El problema era que tanto a Ponto como a Tártaro les gustaba Gea, lo cual sometió a cierta presión la relación de ésta con Urano.

Unos cuantos dioses primordiales surgieron en el mismo plan, pero me harían falta varias semanas para nombrarlos a todos. Caos y Tártaro tuvieron una hija juntos (no me preguntéis cómo, que no tengo ni idea) a la que llamaron Nyx, la encarnación de la noche. Después, Nyx, ella solita, vete a saber cómo, tuvo una hija llamada Hemera, que era el día. Esas dos nunca se llevaron bien porque eran tan diferentes como… bueno, ya sabéis.

Según algunas historias, Caos también creó a Eros, el dios de la procreación… En resumen, dioses mamás y dioses papás que tuvieron un montón de dioses bebés. Otras historias cuentan que Eros era el hijo de Afro­dita. Ya llegaremos a ella. No sé cuál es la versión correcta, pero sí sé que Gea y Urano empezaron a tener hijos juntos… con resultados muy distintos.

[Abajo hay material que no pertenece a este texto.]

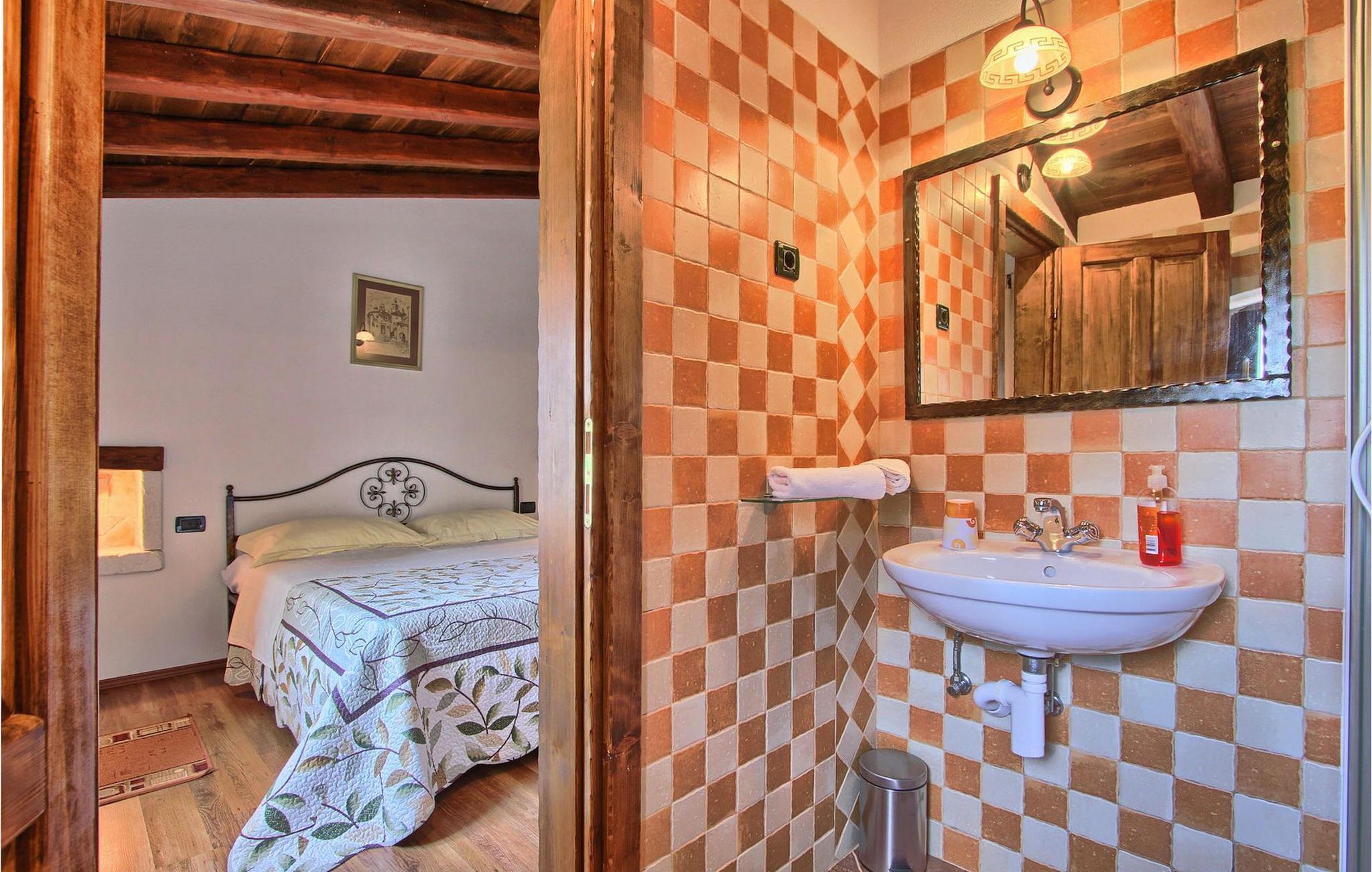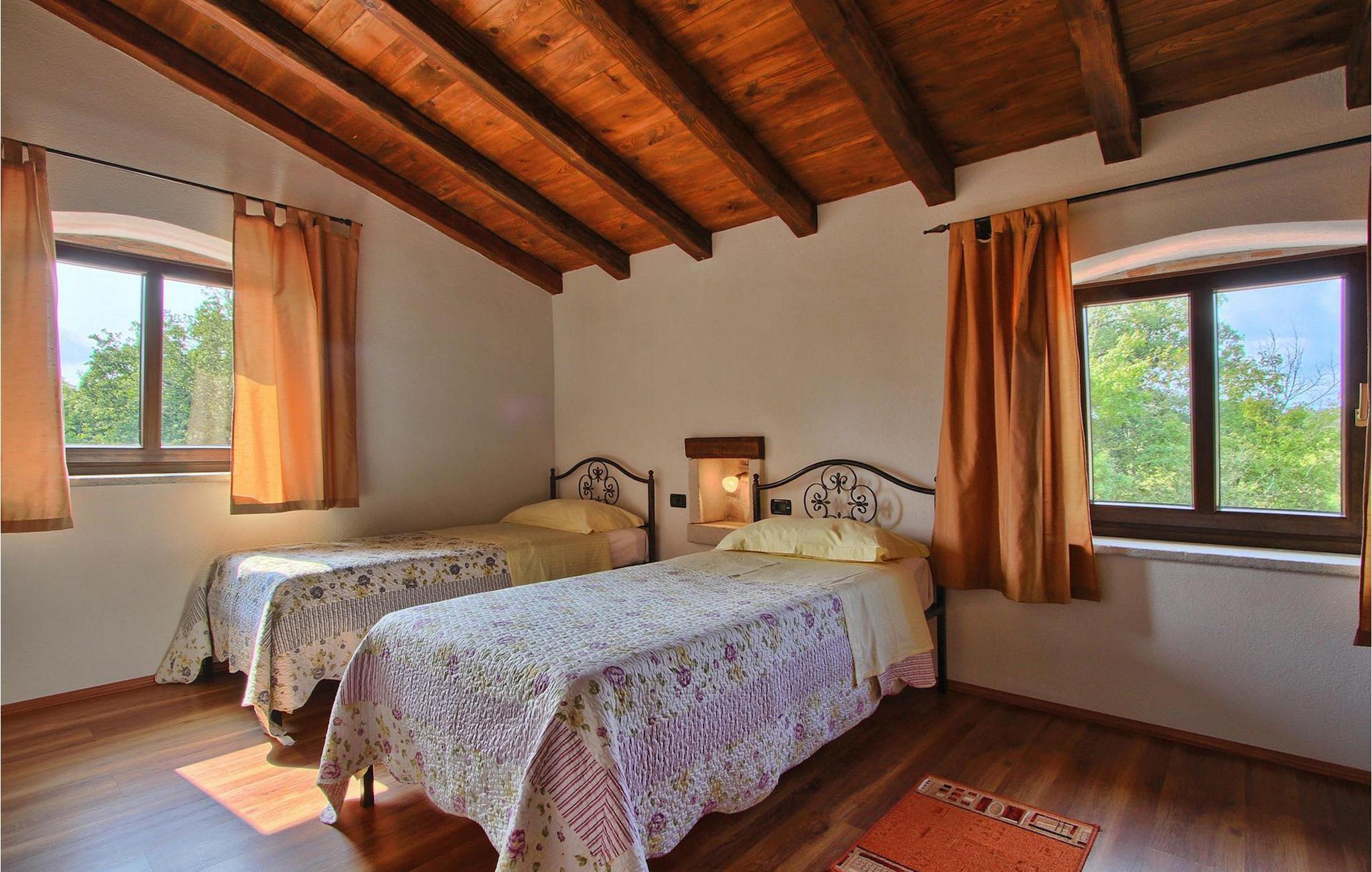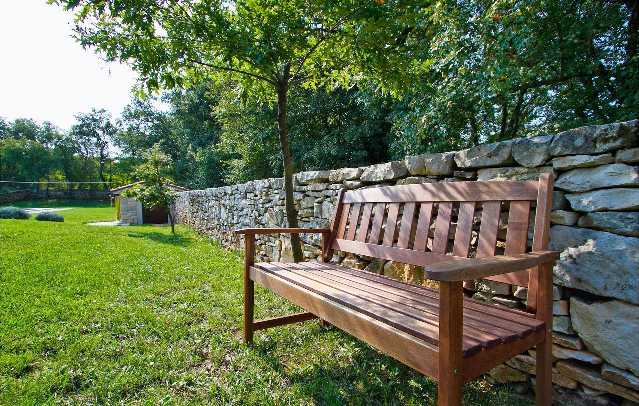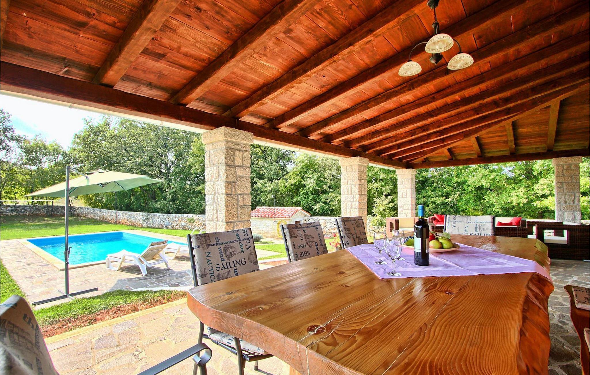 Diese gemütliche Familienvilla liegt am Rande des Dorfes Danijeli, im Herzen Istriens. Mit insgesamt fünf Schlafzimmern verteilt auf zwei Etagen bietet diese traditionelle Steinvilla Platz für zehn Personen. Das Erdgeschoss öffnet sich zur überdachten Terrasse, die zu einer Tasse Kaffee in der gemütlichen Lounge einlädt. Auf der Terrasse können Sie am offenen Kamin grillen und Ihre Mahlzeiten im Freien genießen. Im Erdgeschoss befindet sich der rustikale Wohn- und Essbereich mit Kamin, die Küche, ein Badezimmer sowie zwei Schlafzimmer mit Doppelbett, eines davon mit eigenem Bad mit Dusche. Im Obergeschoss befinden sich die restlichen drei Schlafzimmer, Zwei mit Doppelbett und eins mit zwei Einzelbetten. Eines der Doppelbettzimmer verfügt über ein eigenes Bad, und die anderen zwei Zimmer teilen sich das Badezimmer. Die Villa verfügt über ein privates Parking mit drei Parkplätzen.

Primero tuvieron un lote de doce: seis chicas y seis chicos, llamados titanes. Parecían humanos, aunque eran mucho más altos y fuertes. Pensaréis que doce hijos son más que suficientes para cualquiera, ¿no? Vamos, que con una familia tan grande casi que tienes un reality show para ti solo.

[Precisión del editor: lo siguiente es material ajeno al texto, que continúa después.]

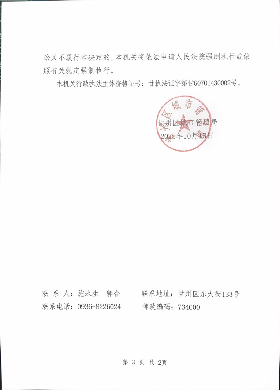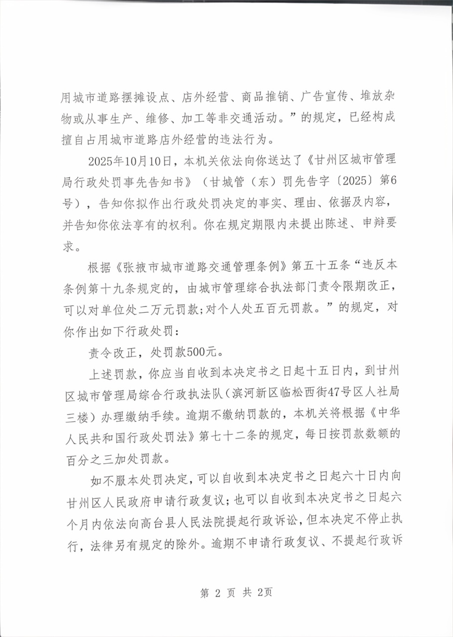 甘州区城市管理局行政处罚决定书
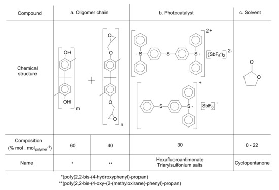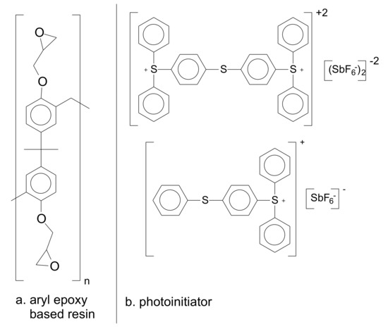 - Vlnieska, V.; Mikhaylov, A.; Zakharova, M.; Blasco, E.; Kunka, D. Epoxy Resins for Negative Tone Photoresists. Polymers 2019, 11, 1457. [Google Scholar] [CrossRef]
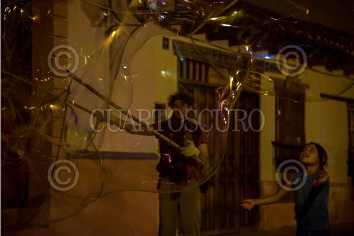 Artistas callejeros hacen burbujas gigantes en los andadores turísticos de la ciudad.

Además, tras el nacimiento de los titanes, el matrimonio entre Gea y Urano empezó a ir mal. Urano pasaba mucho más tiempo en el cielo. No bajaba de visita. No ayudaba con los hijos. Gea se enfadó y los dos empezaron a discutir. Cuando los niños crecieron, Urano les gritaba y, en general, se comportaba como un padre horrible.

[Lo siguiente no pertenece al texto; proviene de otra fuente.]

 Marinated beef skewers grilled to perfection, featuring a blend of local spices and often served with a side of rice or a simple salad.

Gea y Urano intentaron arreglar las cosas unas cuantas veces. Gea pensó que quizá se sentirían más unidos si tenían otro lote completo de críos…

Ya lo sé: mala idea.

Dio a luz a trillizos. El problema era que estos nuevos bebés eran la fealdad personificada. Eran tan grandes y fuertes como los titanes, pero corpulentos, brutos y muy necesitados de una buena depilación. Lo peor de todo era que cada uno de ellos tenía un solo ojo en el centro de la frente.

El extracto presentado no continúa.